Open tasks promote a growth mindset

Summary

  • Open tasks promote a growth mindset because they provide opportunities to struggle and understand content more deeply.
  • Small changes in tasks can reinforce “learning,” not just “performing.”
  • Asking students to make choices in tasks spurs a learning process.
  • To see similar videos about growth mindset in math, sign up for Professor Jo Boaler’s course, How to Learn Math, and check out youcubed.org.

Open tasks promote a growth mindset because they provide opportunities for students to struggle and understand content more deeply. When tasks are opened up to give more space for learning inside them, then students are more likely to shift from seeing math as a performance subject to seeing math as a learning subject. Let's hear more about what that means and see an example from Professor Jo Boaler, a math education expert from Stanford University.

Professor Jo Boaler, Mathematics Education Expert, Stanford University: So the big point is that tasks need to give students the space to learn and to see that math means learning, not just performing. So what does that mean? Even a small change can make that difference. For example, a really classic math problem that you'll see in textbooks is find the perimeter of this shape.

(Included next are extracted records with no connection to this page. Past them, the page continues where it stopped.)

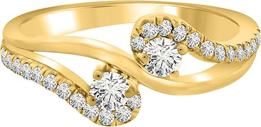 Diamond Engagement Ring For Women 0.30 Carat Round Shape White Diamond Prong Setting 2 Stones Engagement Aniversary Ring In 10K Solid Rose, White & Yellow Gold By AoneJewelry Collection
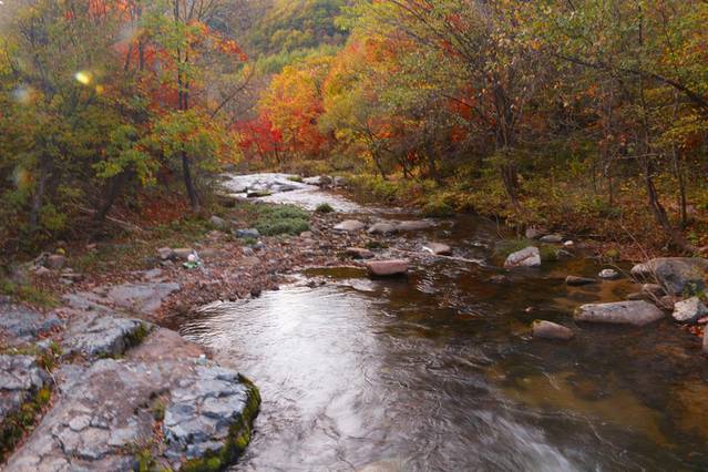 为了吸引游客,农家院也大都在溪流或是大河边修建的,住在这里的另一个好处就是出了门就能沿着溪流赏秋景,夜晚也可以坐在岸边看看漫天星空数星星。
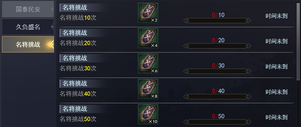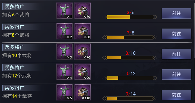 | 拥有10个武将 | 普通招募令 | 3 | 粗制兵统随机包 | 70 |
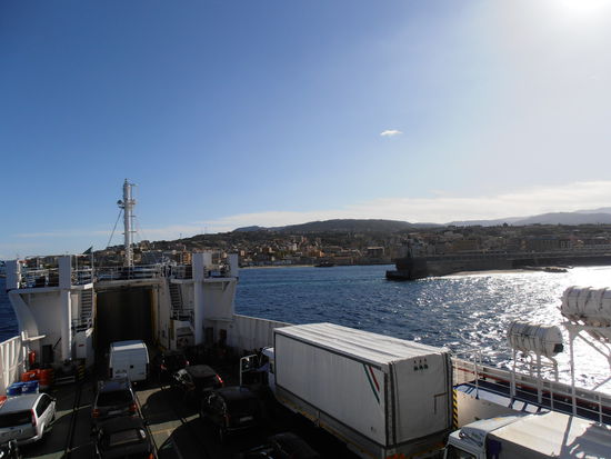In der Nacht von gestern auf heute ist das Wetter wohl kräftig umgeschlagen. Um 8:30h war es recht kühl, aber die Luft war wohl durch das nächtlichen Gewitter gereinigt und klarer geworden. Um 9:10h ging meine Fähre von Messina zurück auf's Festland. An diesem Morgen wurden wir auf dem Deck für Eisenbahnwaggons untergebracht. Drei Tracks in eine Richtung, und du musst über diese Gleise mit Gepäck und regennass jonglieren. Ich verstehe sowieso nicht, warum man bei einem solchen Verkehrsaufkommen noch keine Brücke die paar Meter gebaut hat.
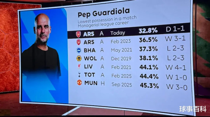 第76分钟,瓜帅撤下哈兰德,换上防守型中场尼科·冈萨雷斯,阵型变成5-5-0——活脱脱一份穆里尼奥式作业。 全场曼城控球仅32.8%,这是瓜帅执教601场联赛以来的最低值。
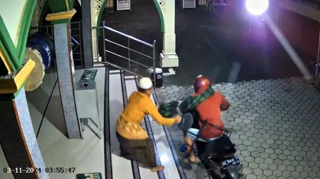 Karena kejadian itu, dia pun secara spontan mengambil kursi di dalam masjid dan berusaha memukulkan kursi ke pelaku. Pelaku yang kaget berusaha kabur dengan menaiki motor Suzuki Spin.
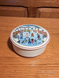 Scatola rotonda in ceramica di Villeroy & Boch. E' larga circa 16 cm e alta 6. Il coperchio è decorato come un raffinato quadro fiammingo: la scena descrive la cattura di un orso e gli abitanti del villaggio in osservazione. Disegno firmato Laplau.
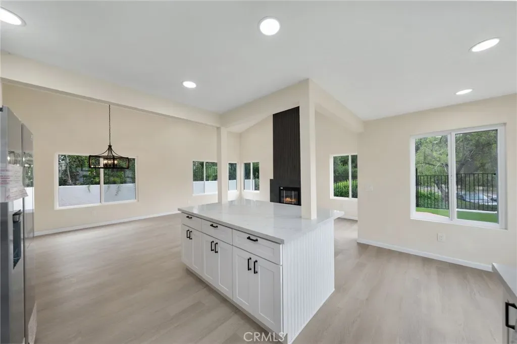 Welcome to 1723 Larkhaven Glen in Escondido, a fully renovated single story home that blends modern design with easy, low maintenance living. This 3 bedroom, 2 bathroom home offers 1,524 square feet of thoughtfully updated space. Step inside to an open, airy layout featuring light grained LVP flooring throughout and vaulted ceilings that create a bright, expansive feel. The living room is centered around a sleek, modern fireplace, adding both warmth and style. The kitchen has been completely upgraded with all new cabinetry, quartz countertops, and stainless steel appliances including a 36-inch stove, opening seamlessly to the main living and dining areas, perfect for everyday living and entertaining. Both bathrooms have been fully remodeled with a clean, modern aesthetic, featuring updated vanities, fixtures, and designer finishes that give the home a fresh, move in ready feel. All new windows have been installed to ensure your new home is energy efficient. Outside, enjoy newly installed turf for a clean, low maintenance yard, along with added privacy thanks to no rear neighbors. New rain gutters have been installed. The corner lot location offers additional space and a sense of openness that is hard to find. If you are looking for a turnkey home with modern upgrades, privacy, and a functional layout, this one checks all the boxes.
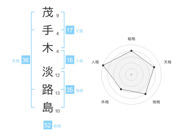 茂手木 淡路島さんの総格は52画の4点!
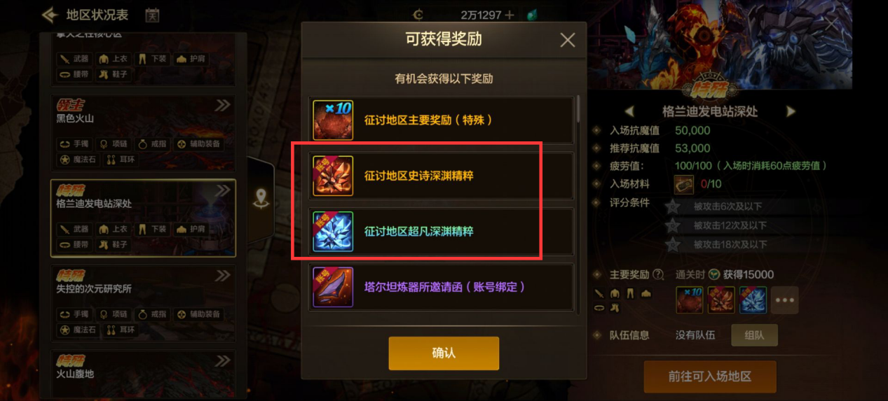 这就需要我们在日常游戏当中,多多参与征讨之地副本,从而满足大量的征讨地区史诗深渊精粹需求。
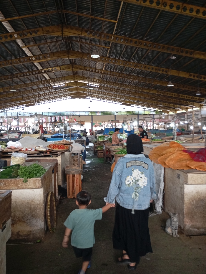 The image displays an active indoor fresh produce market in Soreang, Indonesia. A high, corrugated metal roof supported by extensive yellow-painted metal trusses spans the space, with numerous suspended light fixtures providing illumination. Gaps in the roof structure allow ambient natural light. In the foreground, a woman, viewed from behind, wears a black hijab, a light blue denim jacket with white floral embroidery on the back, and a long black skirt. She holds the right hand of a young boy, also seen from behind, who wears a short-sleeved teal shirt and dark shorts. They are walking away from the viewer along a market aisle. To their left and right are numerous stalls with concrete or wooden counters displaying fresh vegetables, including green leafy produce and red tomatoes, alongside other items in baskets and containers. Other individuals, both vendors and shoppers, are visible further into the market. A grey tabby cat is seated on the dark, uneven concrete floor to the right of the woman, near a stall. Wooden crates and a round woven tray are visible among the market stalls.
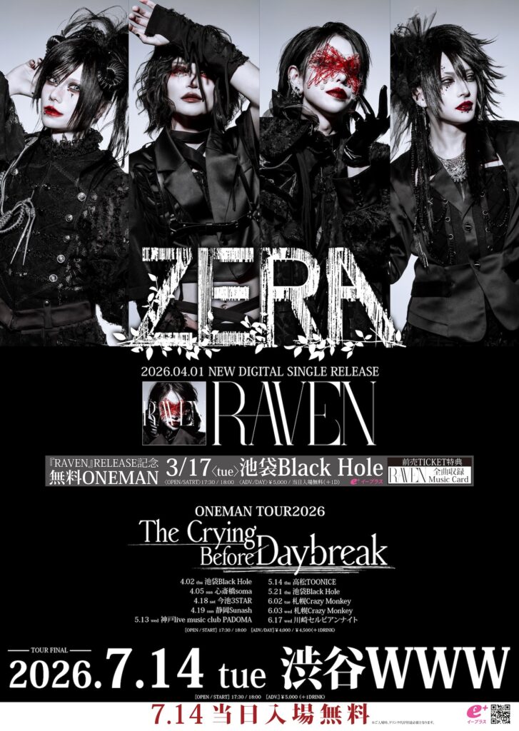 【ゼラ】結成6周年新作「RAVEN」4月1日リリース決定、リリース記念無料ワンマン&全国9都市ワンマンツアー開催

Now, if we change that question to, “Can you construct two different rectangles with a perimeter of 26,” we change completely what students do. In the first one, they're coming up with an answer. In the second one, we're asking them to make choice, and this evokes the thought process for students. They also change from thinking, “I'm finding the answer” to “I am thinking, learning, and growing,” even though this is assessing exactly the same mathematics.

Now I wouldn't say that finding two rectangles with a certain area is a great task by any means, but it illustrates the process of moving from performing to growing and thinking.